Copy out every entry that follows, without a single picture.

(Listed entries)

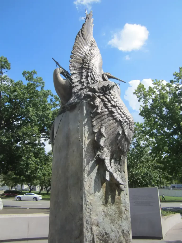 その後、国立日系米国人記念碑を訪問しました。第二次世界大戦に日本人を祖先に持つということだけで、抑留キャンプに収容された日系人の歴史を忘れないために建立されたもので、鶴が有刺鉄線に巻かれて身動きが取れなくなっている姿の銅像が公園の中心にありました。ハワイでは、日系人コミュニティーがかなり大きく、全ての日系人を収容できる施設がなく、また、社会に混乱をきたす恐れがあったため、抑留施設に収容されたのはごく一部の日系人でしたが、米本土の日系人は殆ど全てが強制的に抑留キャンプに収容されました。
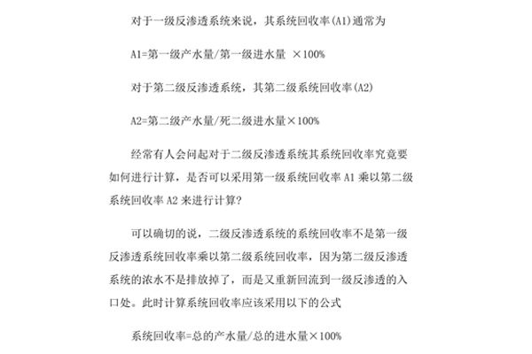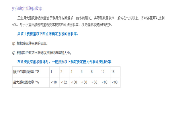 综上所述,在选择和使用反渗透设备时,要重视系统回收率的确定与分析。
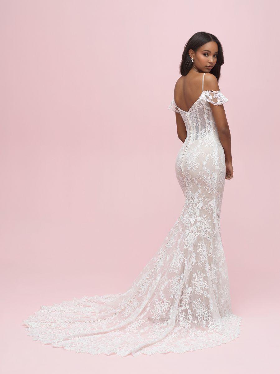 Vestido de noiva confeccionado em renda chantilly em corte semi sereia. O decote coração e as mangas ombro a ombro trazem romantismo ao modelo. Especialmente para noivas que buscam um visual marcante e delicado.
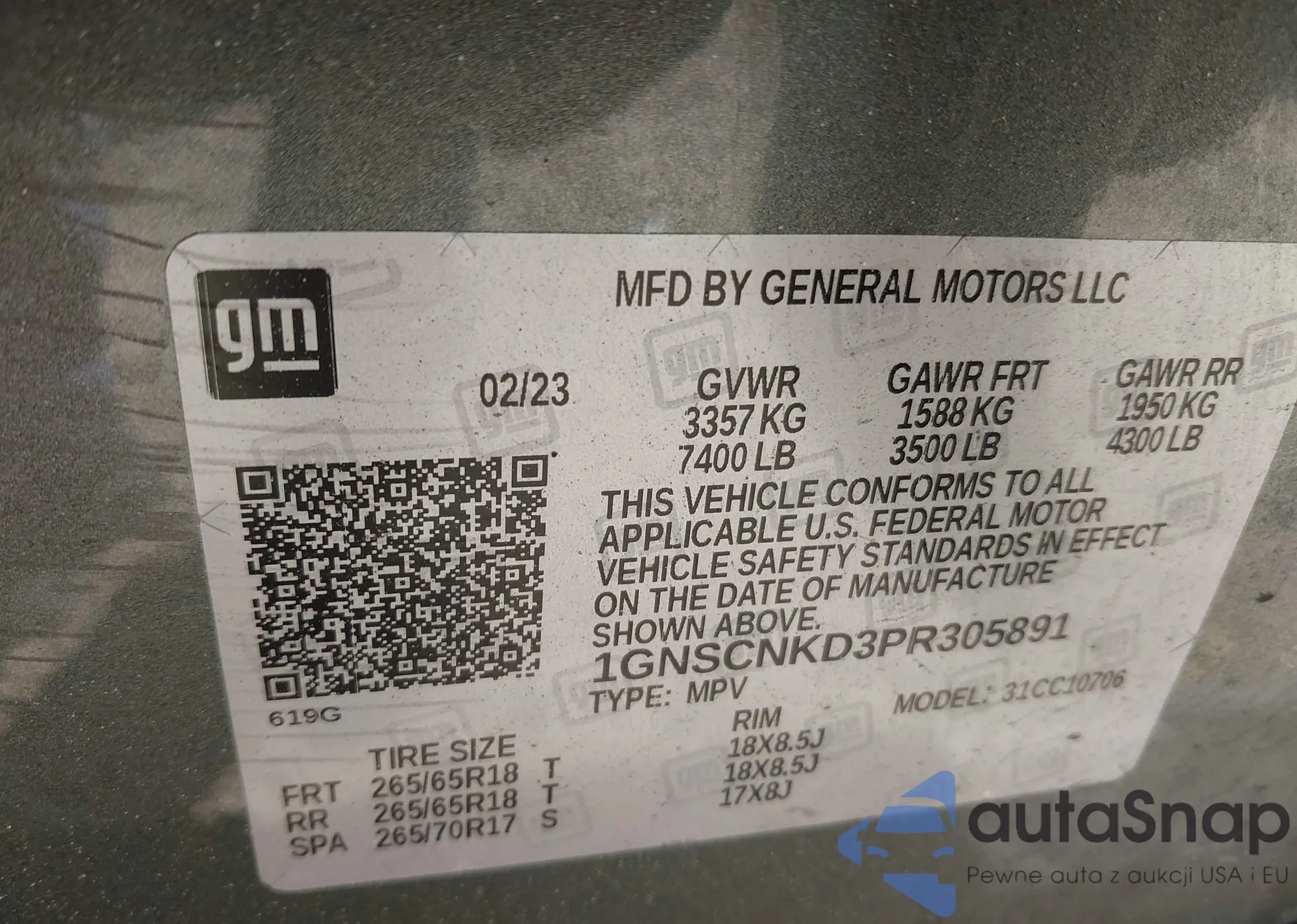 VIN: 1GNSCNKD3PR305891
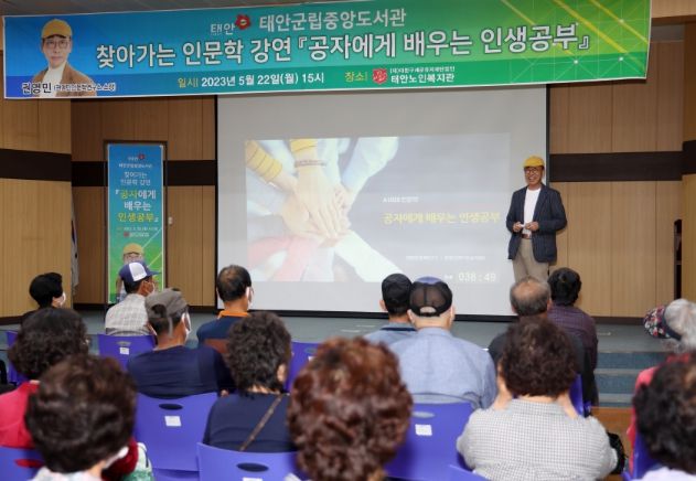 군에 따르면, 태안군립중앙도서관은 지난 22일 태안노인복지관 대강당에서 시설 이용자 30여 명을 대상으로 ‘찾아가는 인문학 강연’을 실시했다.
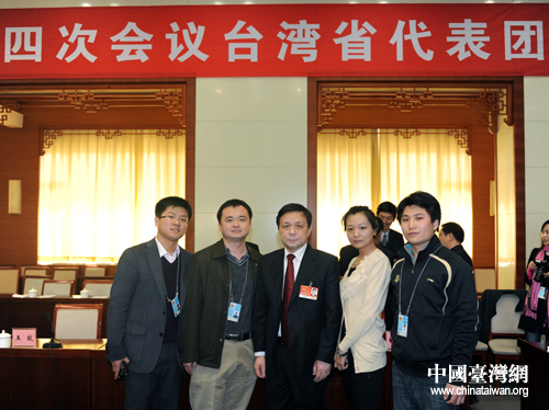 胡有清代表與中國臺灣網記者董潔、王偉,海峽之聲王宗磊、鄔耀華合影。
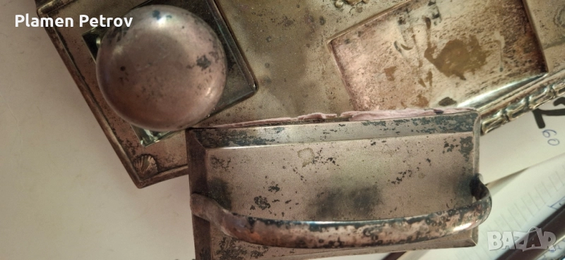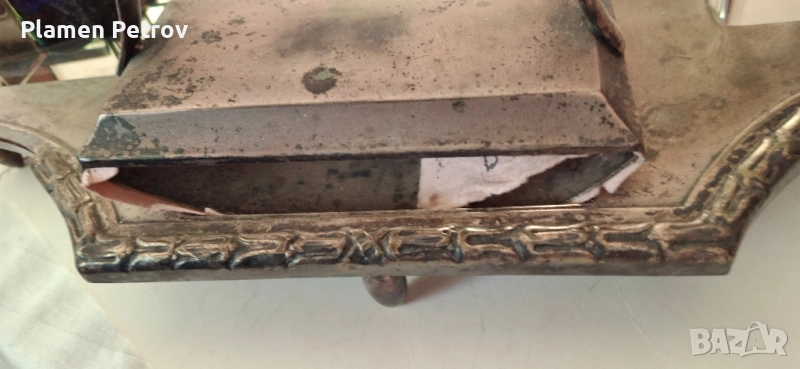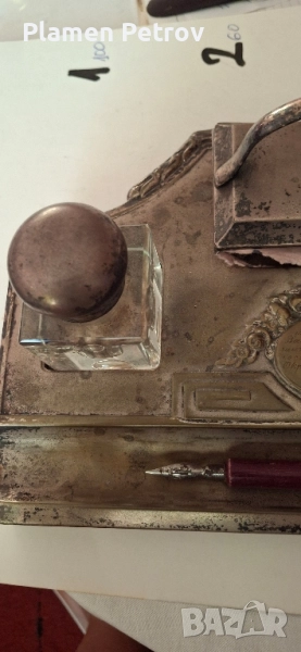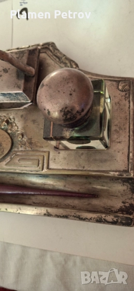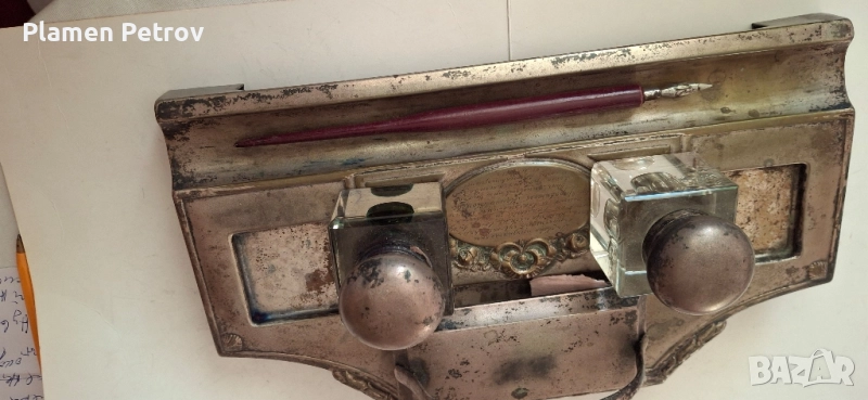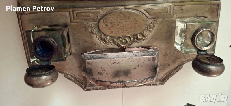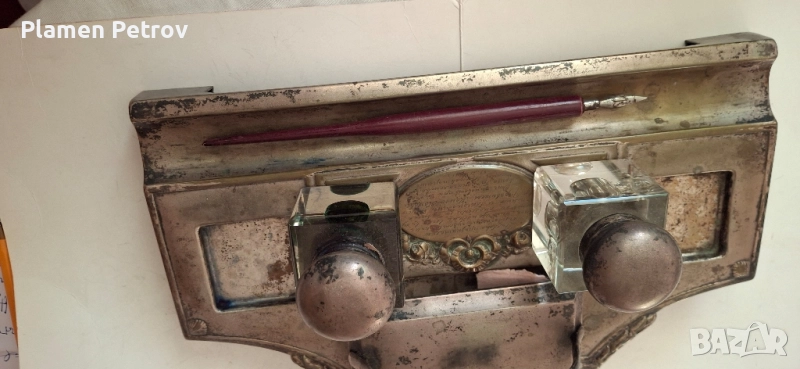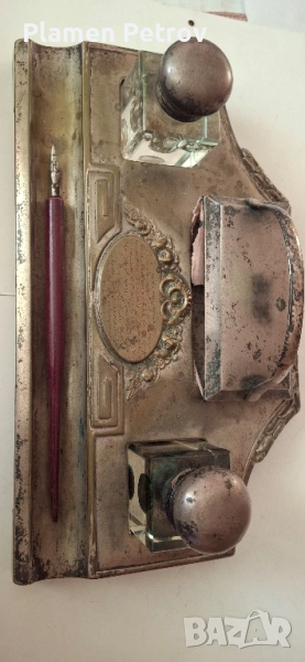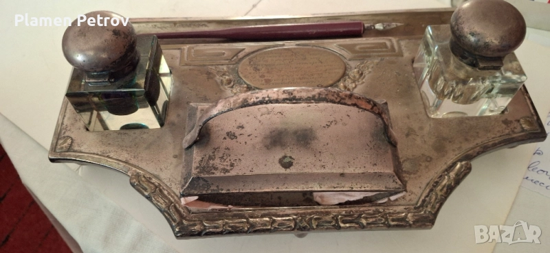 стара двойна мастилница от месинг/посребрена/изработена около 1910 година Ар Нуво с размери от 32 см дължина и ширина 19 см, състояща се от два броя за мастило, попивателна с хартия и стара перодръжка с перо Цар Борис 1918 година има щемпел
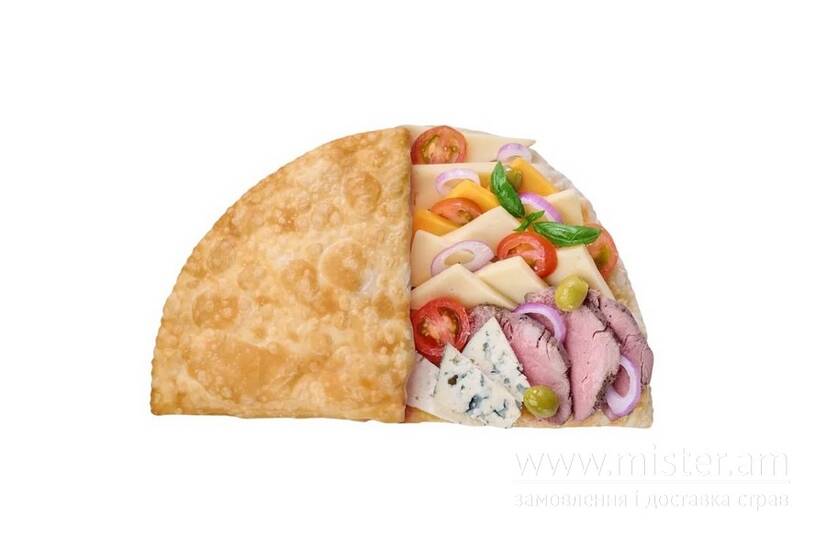 Фарш баранини, кінза, маринована цибуля, оливки, соус кальцоне, мікс 5 сирів.
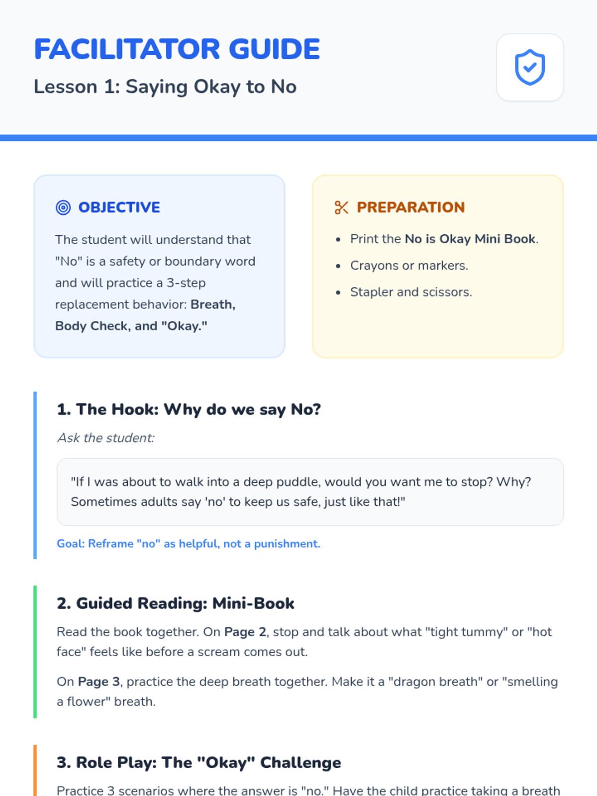 A focused lesson on helping a child understand that 'no' is a boundary, not a rejection, and teaching simple replacement behaviors for screaming.
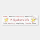 A Quakers Life printed across the front with two watercolor suns on each side. Across the top and bottom says peace, justice, simplicity, equality, and unity
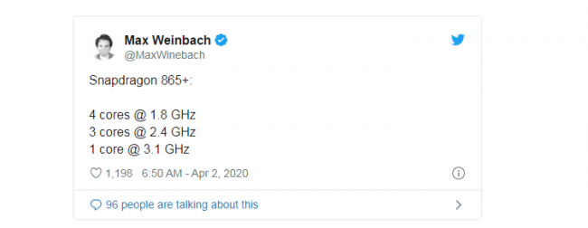 Согласно его сообщению, новый процессор Qualcomm будет построен по принципу 1+3+4. Основное ядро будет работать на частоте 3,1 ГГц, три ядра получат частоту 2,4 ГГц, а четыре энергоэффективных ядра будут работать с частотой 1,8 ГГц.

(End Listed entries)

Output of the exercise |
 その後、国立日系米国人記念碑を訪問しました。第二次世界大戦に日本人を祖先に持つということだけで、抑留キャンプに収容された日系人の歴史を忘れないために建立されたもので、鶴が有刺鉄線に巻かれて身動きが取れなくなっている姿の銅像が公園の中心にありました。ハワイでは、日系人コミュニティーがかなり大きく、全ての日系人を収容できる施設がなく、また、社会に混乱をきたす恐れがあったため、抑留施設に収容されたのはごく一部の日系人でしたが、米本土の日系人は殆ど全てが強制的に抑留キャンプに収容されました。
 综上所述,在选择和使用反渗透设备时,要重视系统回收率的确定与分析。
 Vestido de noiva confeccionado em renda chantilly em corte semi sereia. O decote coração e as mangas ombro a ombro trazem romantismo ao modelo. Especialmente para noivas que buscam um visual marcante e delicado.
 VIN: 1GNSCNKD3PR305891
 군에 따르면, 태안군립중앙도서관은 지난 22일 태안노인복지관 대강당에서 시설 이용자 30여 명을 대상으로 ‘찾아가는 인문학 강연’을 실시했다.
 胡有清代表與中國臺灣網記者董潔、王偉,海峽之聲王宗磊、鄔耀華合影。
 стара двойна мастилница от месинг/посребрена/изработена около 1910 година Ар Нуво с размери от 32 см дължина и ширина 19 см, състояща се от два броя за мастило, попивателна с хартия и стара перодръжка с перо Цар Борис 1918 година има щемпел
 Фарш баранини, кінза, маринована цибуля, оливки, соус кальцоне, мікс 5 сирів.
 A focused lesson on helping a child understand that 'no' is a boundary, not a rejection, and teaching simple replacement behaviors for screaming.
 A Quakers Life printed across the front with two watercolor suns on each side. Across the top and bottom says peace, justice, simplicity, equality, and unity
 Согласно его сообщению, новый процессор Qualcomm будет построен по принципу 1+3+4. Основное ядро будет работать на частоте 3,1 ГГц, три ядра получат частоту 2,4 ГГц, а четыре энергоэффективных ядра будут работать с частотой 1,8 ГГц.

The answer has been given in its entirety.